Lorsqu’il prononce les paroles de la consécration, le prêtre fait descendre sur l’autel Notre Seigneur Jésus-Christ, le Fils de Dieu. Pauvre créature, petite créature insignifiante, il a le pouvoir par ses paroles de faire descendre celui qui est le Créateur de toutes choses, le Rédempteur de l’univers. Comme la très sainte Vierge par son Fiat a pu faire descendre dans son sein le Fils de Dieu, ainsi le prêtre, chaque fois qu’il prononce les paroles de la consécration, fait descendre sur nos autels Notre Seigneur Jésus-Christ lui-même. C’est là le pouvoir du prêtre, pouvoir incroyable, inimaginable. Que Notre-Seigneur ait donné ce pouvoir à des créatures est un acte de sa toutepuissance et de sa grande charité, afin que s’applique sa Rédemption.
La clé de l’apostolat
La seule grande prière, c’est le saint sacrifice de la messe. C’est le coeur de l’apostolat du prêtre. On ne comprend rien à l’apostolat si on ne comprend pas ce qu’est le sacrifice de la messe, parce que le saint sacrifice de la messe est la grande prière de Notre-Seigneur. C’est là que tout prêtre trouve la source de tout son apostolat, et le zèle dont il a besoin pour aller prêcher aux âmes et les attirer vers l’autel.

Le saint sacrifice de la messe manifeste les étapes que tout chrétien doit franchir pour parvenir à la sainteté. Une âme qui monte vers Dieu commence par la vie purgative, poursuit par la vie illuminative, pour en arriver à la vie unitive. Ce sont les étapes que les auteurs spirituels donnent pour arriver à l’union à Dieu. La messe exprime parfaitement ces trois étapes.

La première partie de la messe consiste en lectures de l’Écriture et en chants spirituels. C’est la messe de ceux qui se purifient pour se détacher des choses de ce monde afin que Dieu puisse agréer leur prière. Elle représente la vie purgative. Puis on arrive au sommet du sacrifice, au moment de la consécration. Cette partie correspond à la vie illuminative. Nous contemplons Dieu dans la sainte Eucharistie. Jésus est là, présent dans sa gloire, entouré de tous les saints du Ciel. Enfin, on passe à l’union à Jésus dans la sainte communion. Cette dernière partie de la messe correspond à la vie unitive. Elle aboutit à une vie d’amour, d’union, d’attachement, de dévouement total à Notre-Seigneur. Le chrétien alors n’a plus qu’un désir, ne plus s’appartenir, être tout à Notre-Seigneur, être son apôtre afin de donner Jésus aux âmes. Voilà ce qu’exprime la messe et ce qu’elle réalise.
La source de la civilisation chrétienne
Parce que le sacrifice de la messe est la source de la sanctification du chrétien, il est logiquement aussi la source de la civilisation chrétienne, de la Chrétienté, c’est-à-dire de la cité terrestre qui rassemble les chrétiens. Cela a toujours été compris ainsi à toutes les époques. Il ne peut pas y avoir de civilisation chrétienne sans autel, sans messe, ce n’est pas possible. Pourquoi ? Parce que la famille est la cellule de base de toute société, et que la famille est sanctifiée au Calvaire, elle est sanctifiée au saint sacrifice de la messe.

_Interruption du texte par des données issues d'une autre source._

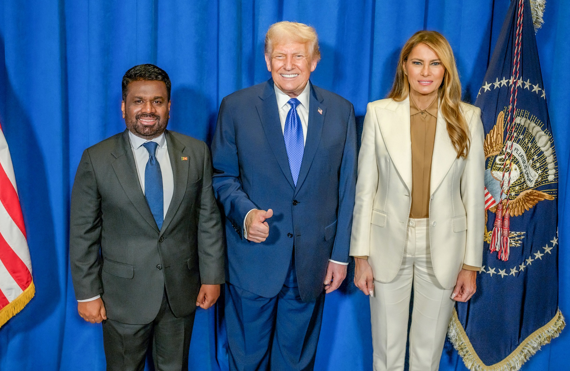 එහිදී, ඇමරිකා ජනාධිපති ඩොනල්ඩ් ට්රම්ප් මහතා විසින් ජනාධිපති අනුර කුමාර දිසානායක මහතා ඉතා උණුසුම් ලෙස පිළිගත් අතර සුහද කතාබහකින් අනතුරුව රාජ්ය නායකයෝ දෙපළ ඡායාරූපයකටද එක් වූහ.
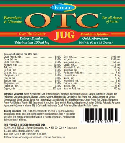 Your horse relies on you to provide him what he needs when he needs it. After a tough workout or competition, your horse loses vital minerals and could use additional support. OTC JUG replenishes vitamins, minerals and amino acids lost during excessive exercise or heat. Can also be used pre- or post-workout to maintain hydration.

De l’autel naissent ainsi les vertus familiales, naît l’ambiance chrétienne de la famille. Et si la famille est foncièrement chrétienne, alors par conséquence la société sera chrétienne aussi. Les vertus, non seulement familiales, mais également sociales, civiques, politiques, toutes ces vertus-là découleront du sacrifice de la messe.

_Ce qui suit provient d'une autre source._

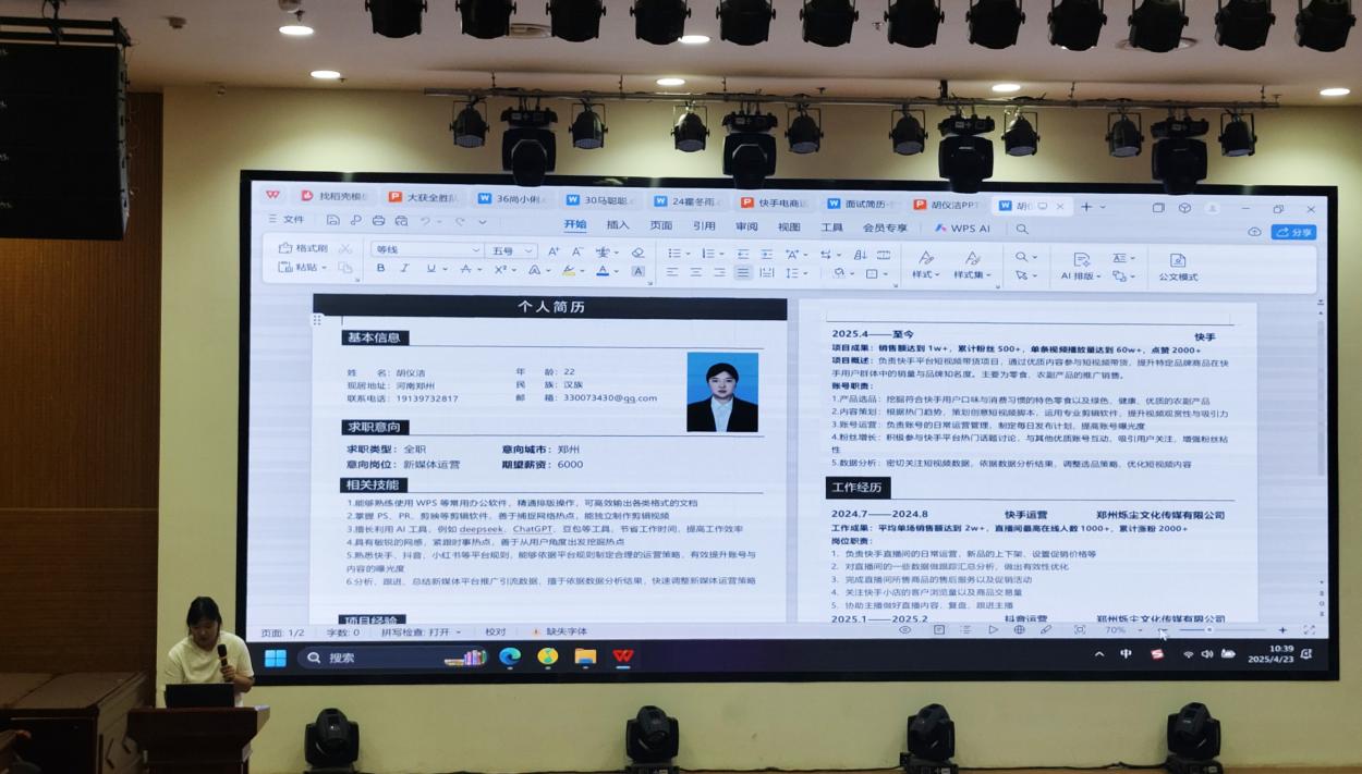 比赛现场,参赛选手通过PPT演讲、个人求职简历深度展示了个人及团队的实战项目。学子们以逻辑清晰的框架、精确的数据支撑和富有创意的设计,将课堂所学转化为可落地的策划方案,也将个人的专业技能、实践经历和职业规划清晰呈现。同时,选手们结合洛阳文旅汉服产业、原生态农产品、直播等热点议题,不仅展现了同学们良好职业素养和求职竞争力,还尽展出对行业痛点的敏锐洞察。
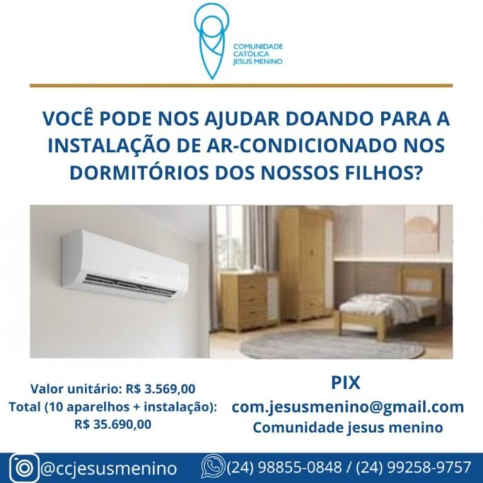 Estamos realizando uma campanha para a instalação de ar-condicionado nos dormitórios da Comunidade Jesus Menino, e você pode fazer parte dessa missão! Cada doação, independente do valor, nos aproxima de um ambiente mais digno e acolhedor para eles. 📲 Contribua pelo PIX: com.jesusmenino@gmail.com🙏 Compartilhe e nos ajude a espalhar essa corrente de amor!
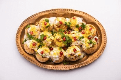 Papri chaat is a popular Indian food with chickpeas, potatoes, yogurt, and tamarind chutney. It has sweet, sour, tangy, and spicy flavors. Hold you off until dinner.
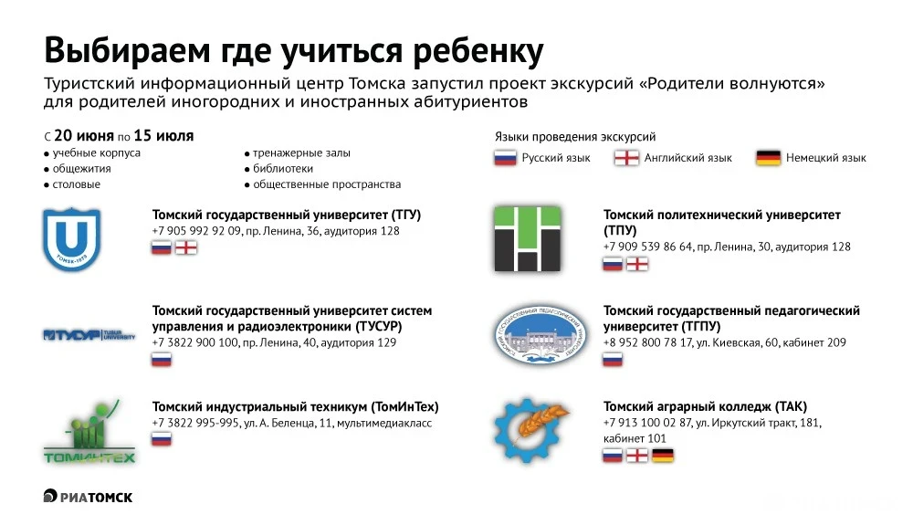 Родители абитуриентов смогут ознакомиться с условиями проживания и обучения в Томске. Бесплатные экскурсии по учебным заведениям будут проводить студенты в период работы приемных комиссий – с 20 июня по 15 июля.

C’est pourquoi il ne faut pas s’étonner de ce que nos ancêtres aient construit des églises magnifiques : ils comprenaient que de ces églises découlaient tous les bienfaits sur la famille et sur la société, même les bienfaits purement politiques, économiques.

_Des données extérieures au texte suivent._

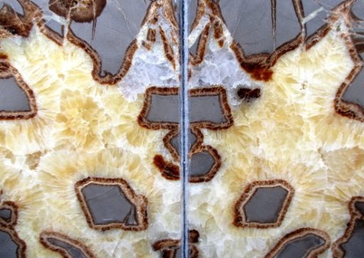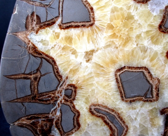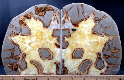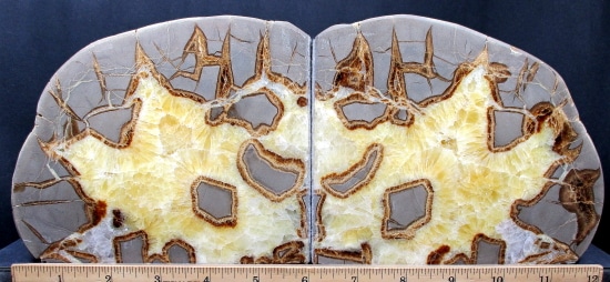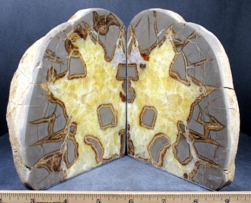 Septarians are commonly composed of a carbonate mineral such as Calcite, a microcrystalline form of Silica as in Flint or Jasper, or an Iron Oxide such as Hematite. These specimens are also known as a concretion which is a type of sedimentary rock. Septarians were formed millions of years ago by sediment forming around a fossil to create a mud ball transforming the fossil into Calcite and Aragonite.
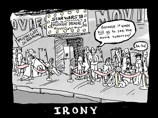 That is to say that an ironic person includes himself among the mocked, whereas a sarcastic person stands outside the situation in judgement. See how it might play out in the below scene involving a bunch of nerds camping outside of a movie theater:
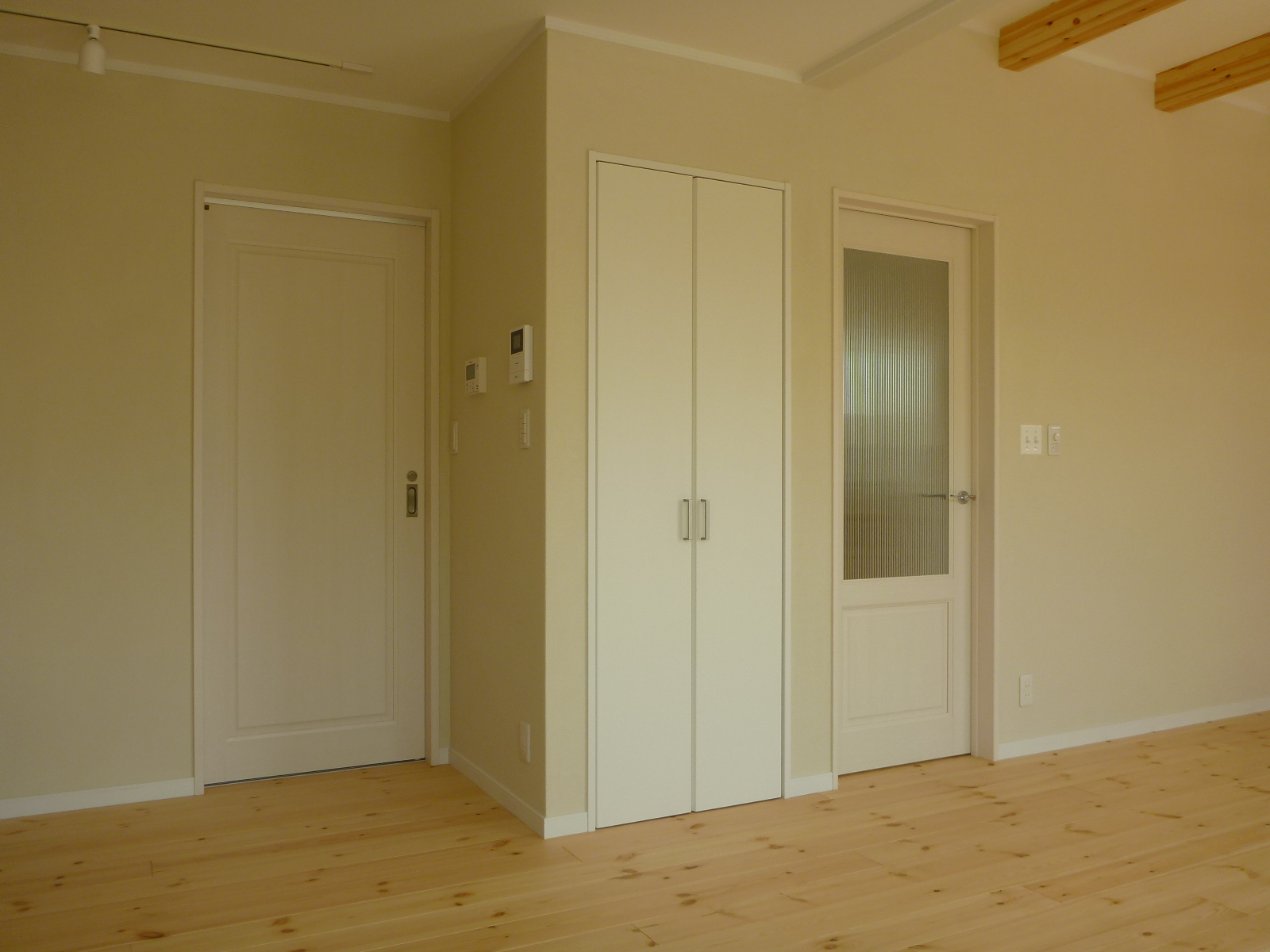 奥に見える扉の向こう側はパントリーとなっています。たくさんストックしておけますね!!

Lorsque la foi, lorsque l’Église revit dans un pays, ce pays-là se porte mieux économiquement, politiquement, socialement. Parce que la vertu de justice est rétablie, et que la justice c’est l’ordre véritable. Et cette vertu de justice est même complétée, renforcée, élargie par la vertu de charité, qui ne se contente pas de ce qui est dû, mais qui donne davantage, en surabondance, par amour surnaturel de Dieu et du prochain.

L’histoire de la civilisation chrétienne trouve ainsi son fondement et son développement, sa vitalité dans la grande prière publique de l’Église qui infuse l’esprit de justice, l’esprit de charité à ceux qui en vivent. Toutes les initiatives charitables et saintes ont leur origine dans l’esprit qui nous est donné par le sacrifice de l’autel, et par tout ce qui en découle.